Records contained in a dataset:
+ + +

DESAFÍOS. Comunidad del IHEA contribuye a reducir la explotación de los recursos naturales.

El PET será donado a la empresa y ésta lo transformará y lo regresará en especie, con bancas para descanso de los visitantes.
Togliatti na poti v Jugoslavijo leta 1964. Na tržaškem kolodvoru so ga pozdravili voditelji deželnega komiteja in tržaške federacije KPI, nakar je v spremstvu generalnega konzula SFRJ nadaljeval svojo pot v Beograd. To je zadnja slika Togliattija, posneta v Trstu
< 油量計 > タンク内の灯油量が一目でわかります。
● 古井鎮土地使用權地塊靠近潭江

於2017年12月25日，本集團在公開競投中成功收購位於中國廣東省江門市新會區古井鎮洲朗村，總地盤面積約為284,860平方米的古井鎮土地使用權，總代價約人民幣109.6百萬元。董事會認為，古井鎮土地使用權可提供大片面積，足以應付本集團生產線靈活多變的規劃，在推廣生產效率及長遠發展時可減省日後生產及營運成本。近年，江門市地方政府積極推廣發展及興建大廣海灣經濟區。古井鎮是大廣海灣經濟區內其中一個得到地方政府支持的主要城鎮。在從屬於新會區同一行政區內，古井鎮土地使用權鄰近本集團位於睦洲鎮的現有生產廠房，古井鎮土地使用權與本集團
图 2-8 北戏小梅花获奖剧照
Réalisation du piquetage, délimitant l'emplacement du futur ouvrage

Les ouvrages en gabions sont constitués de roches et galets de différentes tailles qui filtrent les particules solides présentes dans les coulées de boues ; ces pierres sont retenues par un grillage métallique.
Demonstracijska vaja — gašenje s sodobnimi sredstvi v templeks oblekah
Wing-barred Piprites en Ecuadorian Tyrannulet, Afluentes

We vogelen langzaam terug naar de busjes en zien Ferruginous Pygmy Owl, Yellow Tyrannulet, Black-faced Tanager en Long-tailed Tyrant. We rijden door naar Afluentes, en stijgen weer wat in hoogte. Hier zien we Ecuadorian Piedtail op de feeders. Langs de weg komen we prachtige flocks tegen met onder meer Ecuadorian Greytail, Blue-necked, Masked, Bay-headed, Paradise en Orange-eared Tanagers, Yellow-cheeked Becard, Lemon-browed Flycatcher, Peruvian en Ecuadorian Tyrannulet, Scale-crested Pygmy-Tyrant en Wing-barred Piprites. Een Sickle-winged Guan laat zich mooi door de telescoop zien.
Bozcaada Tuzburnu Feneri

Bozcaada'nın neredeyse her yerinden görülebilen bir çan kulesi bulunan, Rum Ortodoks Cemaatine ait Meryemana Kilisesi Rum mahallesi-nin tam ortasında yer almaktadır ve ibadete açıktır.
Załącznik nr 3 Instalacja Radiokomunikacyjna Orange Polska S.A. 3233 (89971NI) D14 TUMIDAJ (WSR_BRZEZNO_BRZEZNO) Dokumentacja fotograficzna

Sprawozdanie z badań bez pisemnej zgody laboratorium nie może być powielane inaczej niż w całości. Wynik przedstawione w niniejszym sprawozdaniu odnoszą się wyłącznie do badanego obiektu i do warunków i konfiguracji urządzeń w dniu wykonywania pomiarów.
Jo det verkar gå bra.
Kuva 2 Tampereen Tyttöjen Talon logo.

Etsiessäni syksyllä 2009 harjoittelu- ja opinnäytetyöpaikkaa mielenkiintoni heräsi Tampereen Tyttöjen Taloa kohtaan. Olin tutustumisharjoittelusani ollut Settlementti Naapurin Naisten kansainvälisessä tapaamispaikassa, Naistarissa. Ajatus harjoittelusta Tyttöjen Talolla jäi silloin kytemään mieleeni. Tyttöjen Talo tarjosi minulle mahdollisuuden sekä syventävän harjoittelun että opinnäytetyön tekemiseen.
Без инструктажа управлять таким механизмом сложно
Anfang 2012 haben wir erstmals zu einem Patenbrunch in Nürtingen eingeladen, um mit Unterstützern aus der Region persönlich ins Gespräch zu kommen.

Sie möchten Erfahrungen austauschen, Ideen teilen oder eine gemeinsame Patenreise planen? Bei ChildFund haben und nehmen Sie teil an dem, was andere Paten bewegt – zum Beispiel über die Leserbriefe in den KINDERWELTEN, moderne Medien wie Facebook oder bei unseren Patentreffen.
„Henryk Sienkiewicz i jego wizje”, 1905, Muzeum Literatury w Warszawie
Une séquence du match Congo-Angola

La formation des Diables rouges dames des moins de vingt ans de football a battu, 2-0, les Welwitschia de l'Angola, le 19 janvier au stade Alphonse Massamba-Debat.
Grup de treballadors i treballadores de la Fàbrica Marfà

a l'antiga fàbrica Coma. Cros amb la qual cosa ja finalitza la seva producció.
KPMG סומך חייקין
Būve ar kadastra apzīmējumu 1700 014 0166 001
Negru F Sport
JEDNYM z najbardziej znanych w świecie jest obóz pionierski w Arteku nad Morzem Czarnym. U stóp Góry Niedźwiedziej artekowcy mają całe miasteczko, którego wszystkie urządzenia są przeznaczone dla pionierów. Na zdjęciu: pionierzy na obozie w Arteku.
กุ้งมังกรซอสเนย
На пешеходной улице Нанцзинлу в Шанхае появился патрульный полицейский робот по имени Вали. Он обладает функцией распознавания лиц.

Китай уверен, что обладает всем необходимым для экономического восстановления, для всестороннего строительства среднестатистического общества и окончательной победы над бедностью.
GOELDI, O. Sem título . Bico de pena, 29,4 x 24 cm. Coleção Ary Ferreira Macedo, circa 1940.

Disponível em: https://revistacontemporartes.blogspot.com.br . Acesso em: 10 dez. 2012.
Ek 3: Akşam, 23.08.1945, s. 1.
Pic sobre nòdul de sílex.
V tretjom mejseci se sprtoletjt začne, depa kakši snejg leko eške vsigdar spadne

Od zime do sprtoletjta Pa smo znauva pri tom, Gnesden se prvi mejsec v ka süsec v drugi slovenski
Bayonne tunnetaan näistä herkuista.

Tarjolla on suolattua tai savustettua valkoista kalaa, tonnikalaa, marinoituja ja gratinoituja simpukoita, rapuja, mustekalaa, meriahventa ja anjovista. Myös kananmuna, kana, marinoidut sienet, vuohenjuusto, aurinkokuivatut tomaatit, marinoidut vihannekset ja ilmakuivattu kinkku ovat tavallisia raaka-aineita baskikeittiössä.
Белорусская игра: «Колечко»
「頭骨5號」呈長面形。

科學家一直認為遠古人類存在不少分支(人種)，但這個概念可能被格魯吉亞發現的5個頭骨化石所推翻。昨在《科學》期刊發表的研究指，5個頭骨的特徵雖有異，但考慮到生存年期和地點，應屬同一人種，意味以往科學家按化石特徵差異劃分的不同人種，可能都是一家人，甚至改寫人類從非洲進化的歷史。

+ + +

# WORK TO COMPLETE
From the records above, transcribe without alteration every line from the one with "Disponível em: https://revistacontemporartes.blogspot.com.br" to the one with "Bayonne tunnetaan näistä herkuista.", inclusive.

# OUTPUT FOR THIS EXERCISE
Disponível em: https://revistacontemporartes.blogspot.com.br . Acesso em: 10 dez. 2012.
Ek 3: Akşam, 23.08.1945, s. 1.
Pic sobre nòdul de sílex.
V tretjom mejseci se sprtoletjt začne, depa kakši snejg leko eške vsigdar spadne

Od zime do sprtoletjta Pa smo znauva pri tom, Gnesden se prvi mejsec v ka süsec v drugi slovenski
Bayonne tunnetaan näistä herkuista.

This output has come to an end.